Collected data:

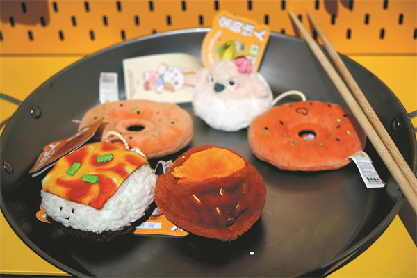 Plush toys modeled after Wuhan's local snacks and an iconic bird. [Photo by Xu Lin/China Daily]
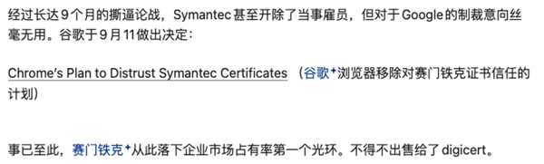 赛门铁克作为一个当时来说,可信度最高的 CA,已经是躺着赚钱了,却依旧存在滥发证书的情况。。。这次的事故,最终导致 2018 年谷歌彻底删除所有赛门铁克的根证书,后者也被迫把旗下的 CA 业务出售给了 DigiCert。
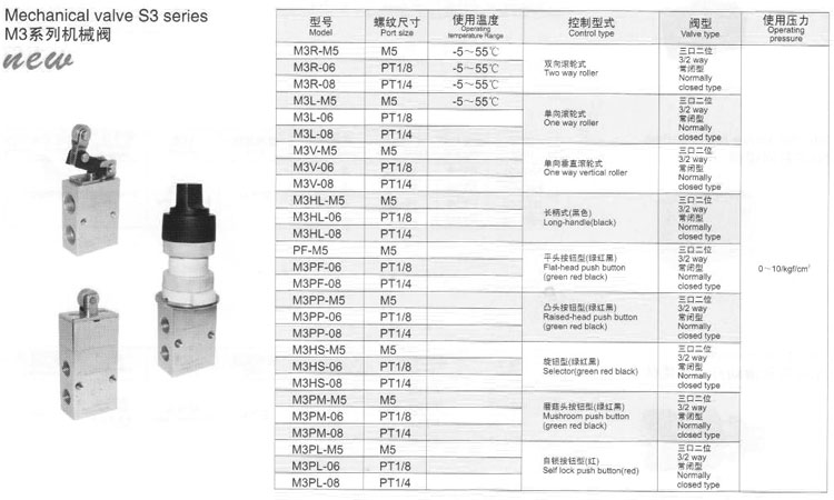 M3R-M5,M3L-06,M3V-08,M3HL-06,M3PF-M5,M3PP-06,M3HS-06,M3PM-M5,機械閥
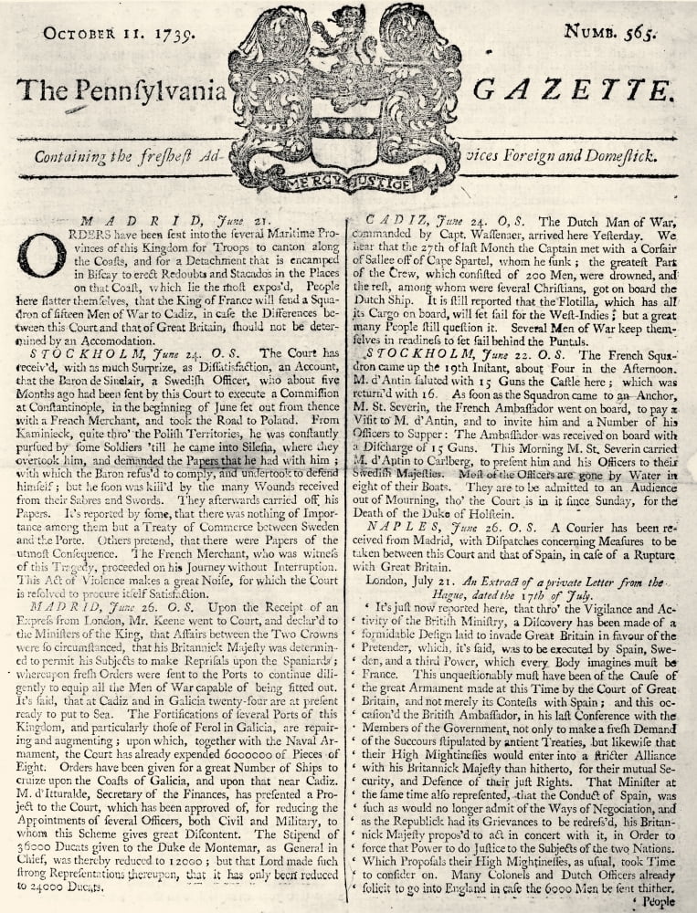Pennsylvania Gazette 1739 Nfront Page Of Benjamin FranklinS …
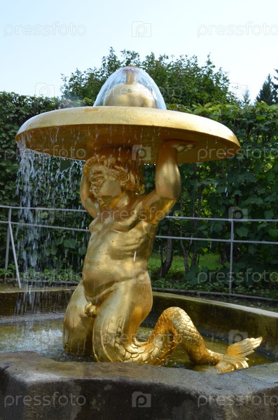 Фонтан Тритон-колокол на берегу Марлинского пруда в Нижнем парке Государственного музея-заповедника Петергоф в Санкт-Петербурге в летний день
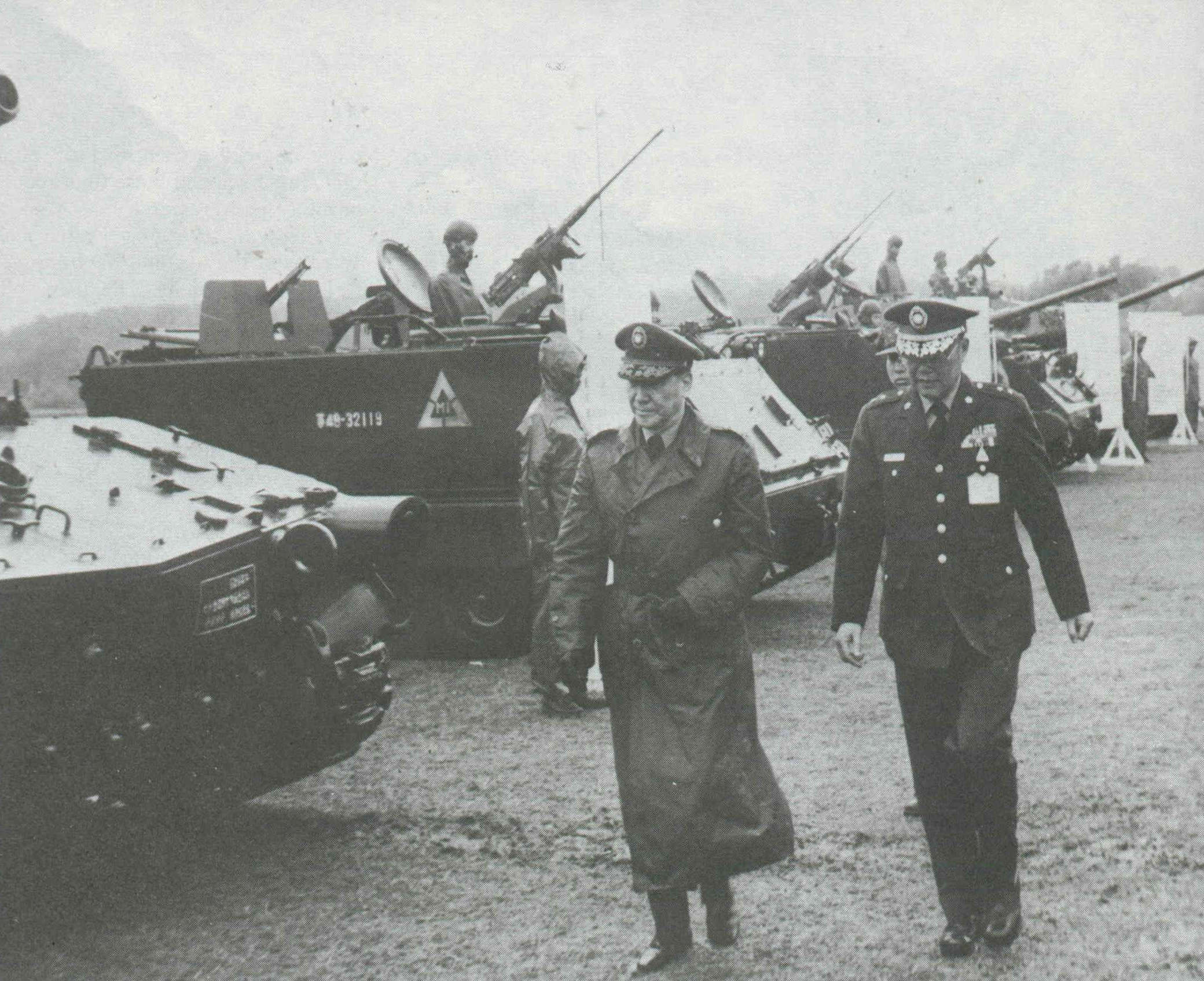 圖3:緯國將軍陪同先總統 蔣公校閱軍事演習。(楊永山/歐陽芷汀/楊清華)
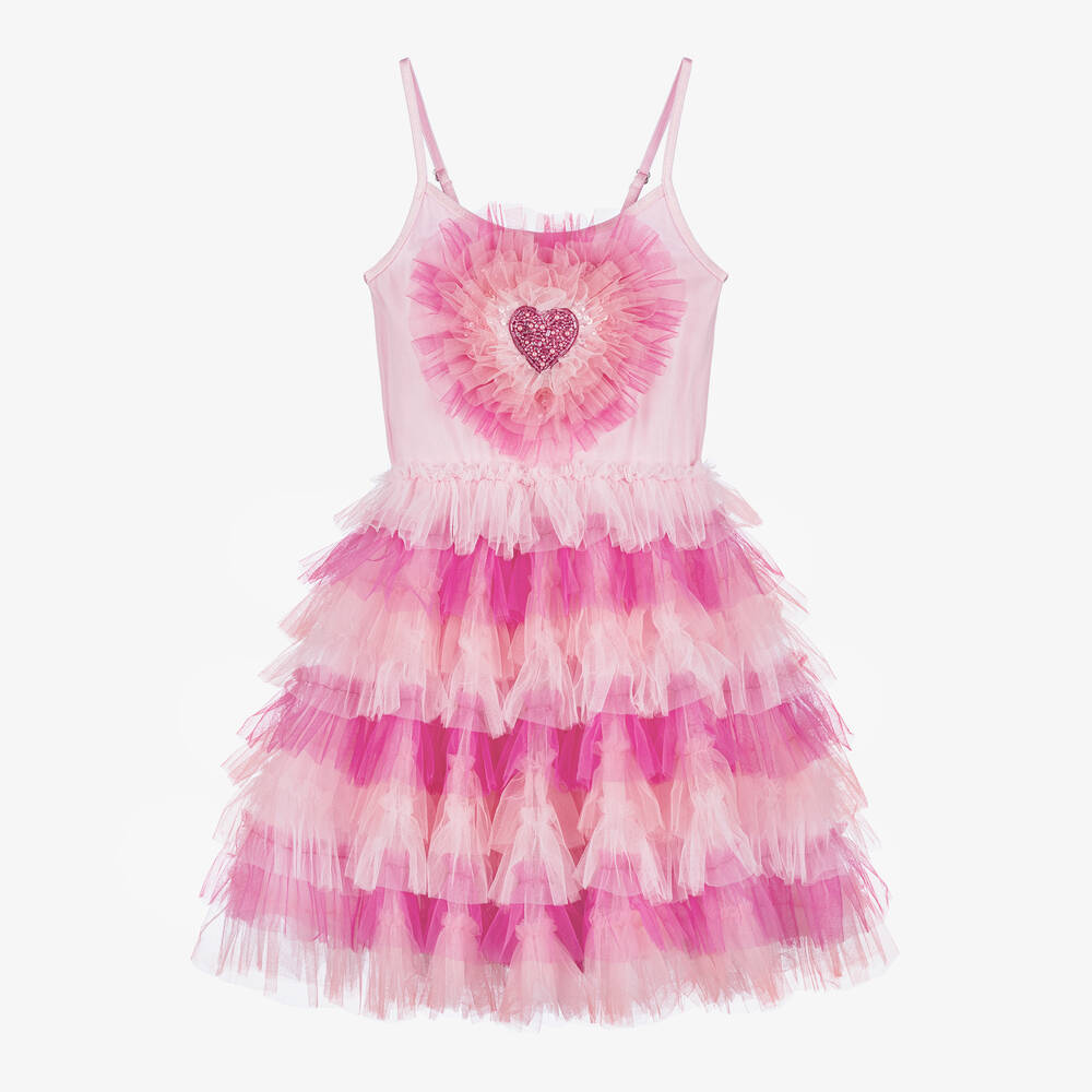 A pretty pink dress for girls from Tutu du Monde, in collaboration with Flour Shop by Amirah Kassem. The soft cotton jersey is layered with alternating tones of pink tulle for a striking skirt and has an embellished heart on the chest for a touch of sparkle.
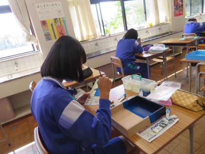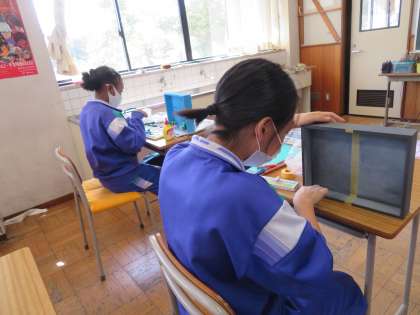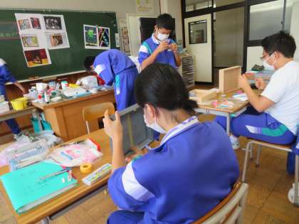 3年1組、美術の授業の様子です。「自分の世界観をどのように表現するか?」という課題のもと、BOXアートの創作活動に取り組んでいました。それぞれの個性あふれる作品を期待しています。
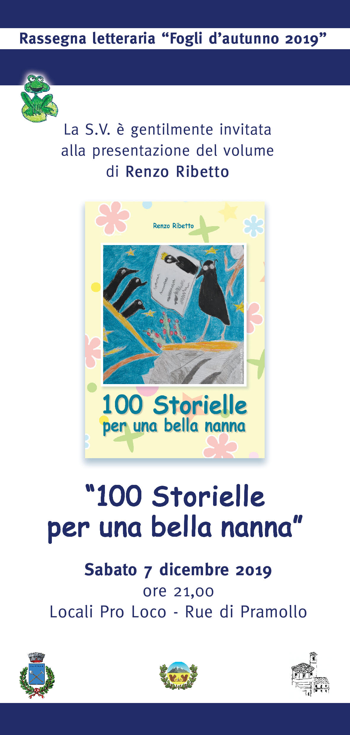 Descrizione Rassegna letteraria "Fogli d'autunno 2019"Presentazione del libro "100 Storielle per una bella nanna" di Renzo RibettoLocali Pro Loco - Rue di Pramollo7 dicembre 2019 - ore 21,00

== WORK TO BE COMPLETED ==
Here the lines from the one with "3年1組、美術の授業の様子で" through the last line of the data above need to be repeated exactly, both included, and any picture omitted.

== REPLY ==
 3年1組、美術の授業の様子です。「自分の世界観をどのように表現するか?」という課題のもと、BOXアートの創作活動に取り組んでいました。それぞれの個性あふれる作品を期待しています。
 Descrizione Rassegna letteraria "Fogli d'autunno 2019"Presentazione del libro "100 Storielle per una bella nanna" di Renzo RibettoLocali Pro Loco - Rue di Pramollo7 dicembre 2019 - ore 21,00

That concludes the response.